◆ PROBLEM DESCRIPTION: Omit every picture, then return the listing verbatim.

◆ INPUT DATA:
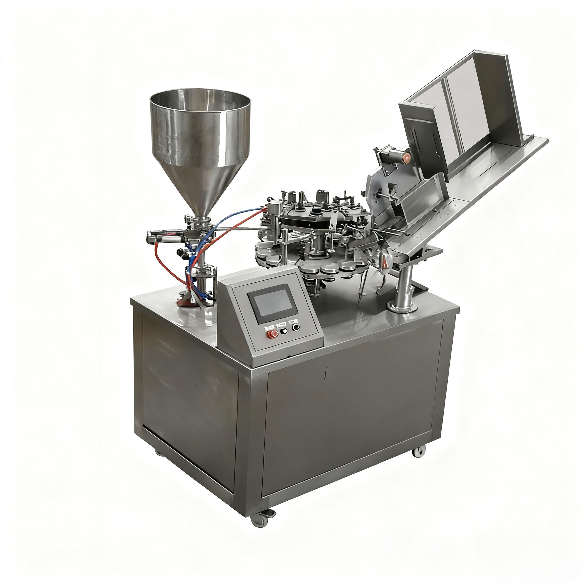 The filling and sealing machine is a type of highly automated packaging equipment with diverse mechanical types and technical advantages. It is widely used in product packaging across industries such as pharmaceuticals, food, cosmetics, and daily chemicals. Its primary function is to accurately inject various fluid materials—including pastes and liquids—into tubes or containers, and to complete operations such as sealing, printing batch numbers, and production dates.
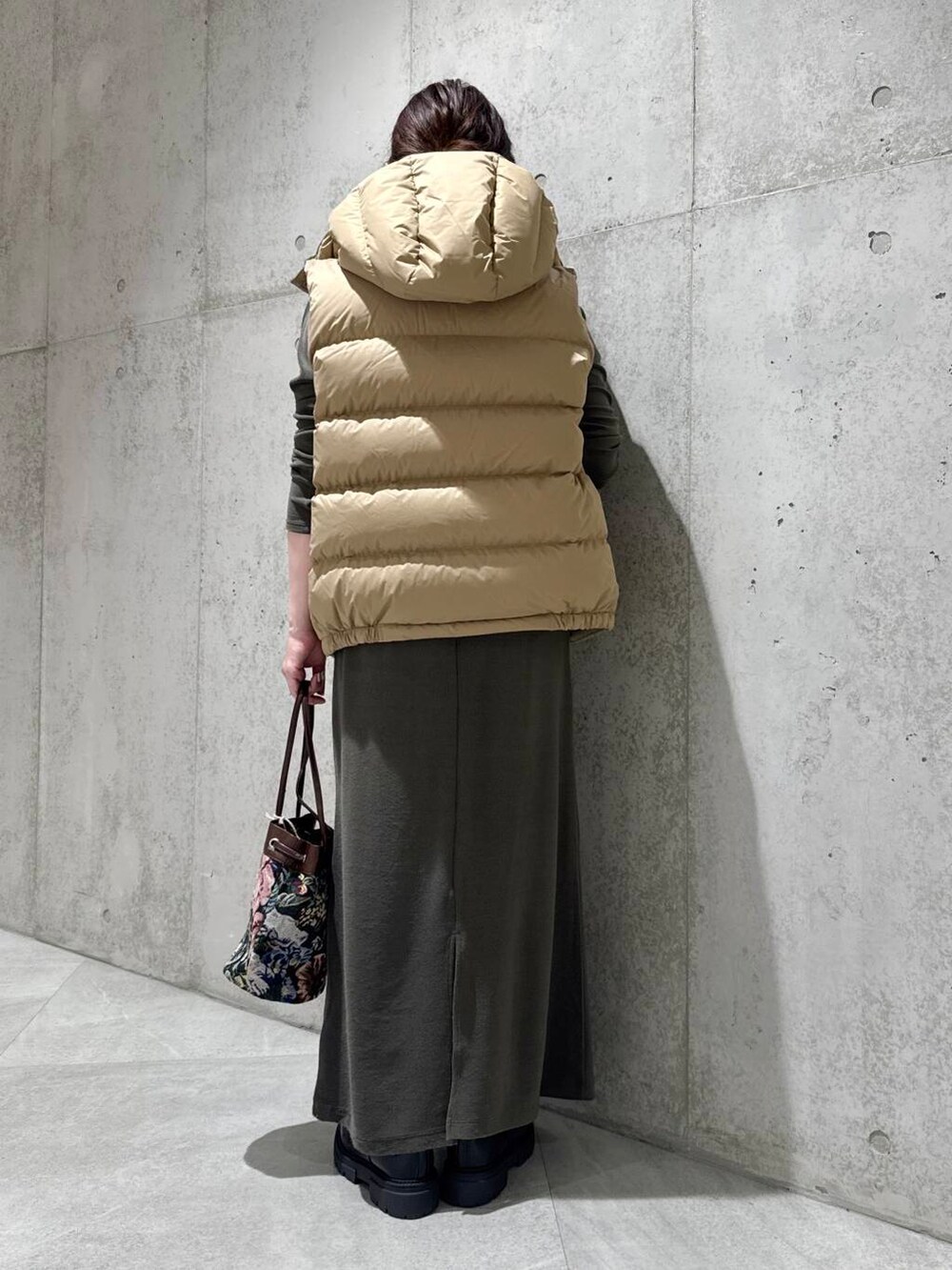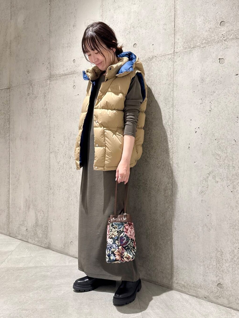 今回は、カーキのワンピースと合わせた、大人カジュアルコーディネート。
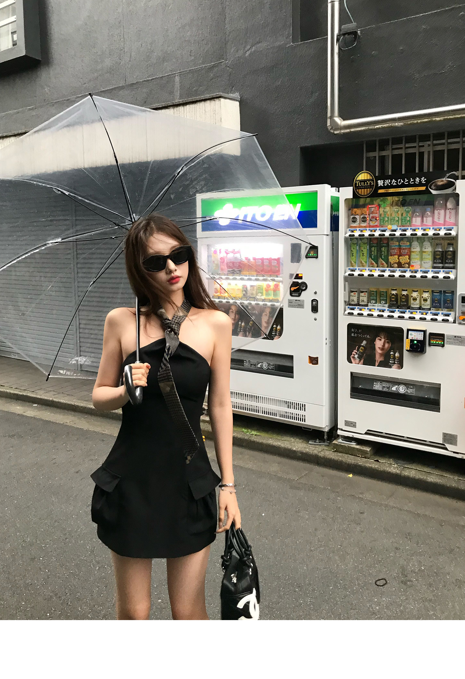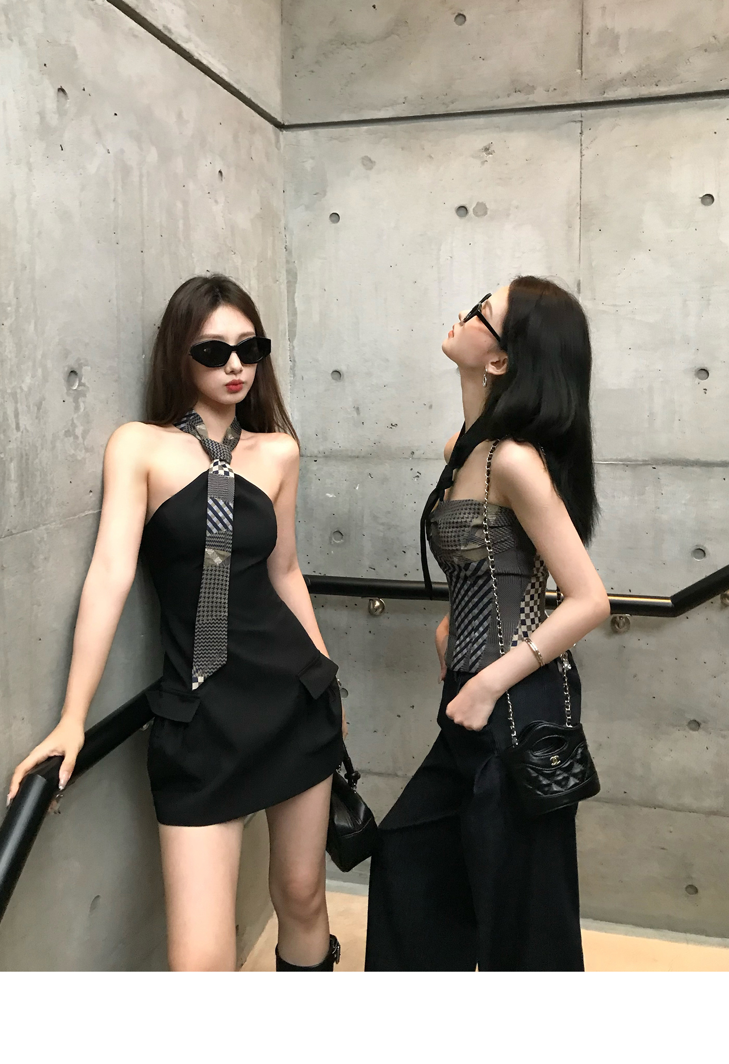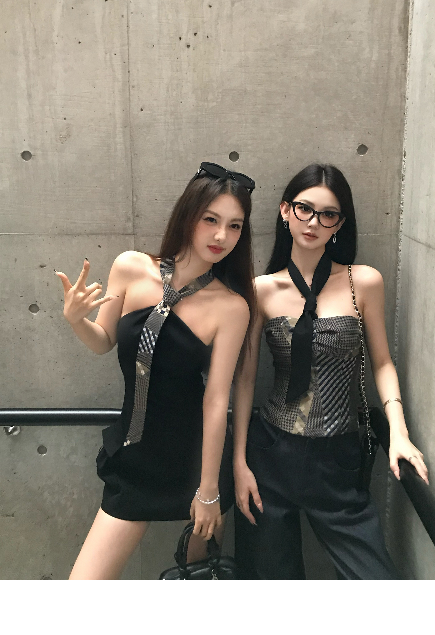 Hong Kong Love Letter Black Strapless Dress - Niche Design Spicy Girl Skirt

◆ RESPONSE AREA:
 The filling and sealing machine is a type of highly automated packaging equipment with diverse mechanical types and technical advantages. It is widely used in product packaging across industries such as pharmaceuticals, food, cosmetics, and daily chemicals. Its primary function is to accurately inject various fluid materials—including pastes and liquids—into tubes or containers, and to complete operations such as sealing, printing batch numbers, and production dates.
 今回は、カーキのワンピースと合わせた、大人カジュアルコーディネート。
 Hong Kong Love Letter Black Strapless Dress - Niche Design Spicy Girl Skirt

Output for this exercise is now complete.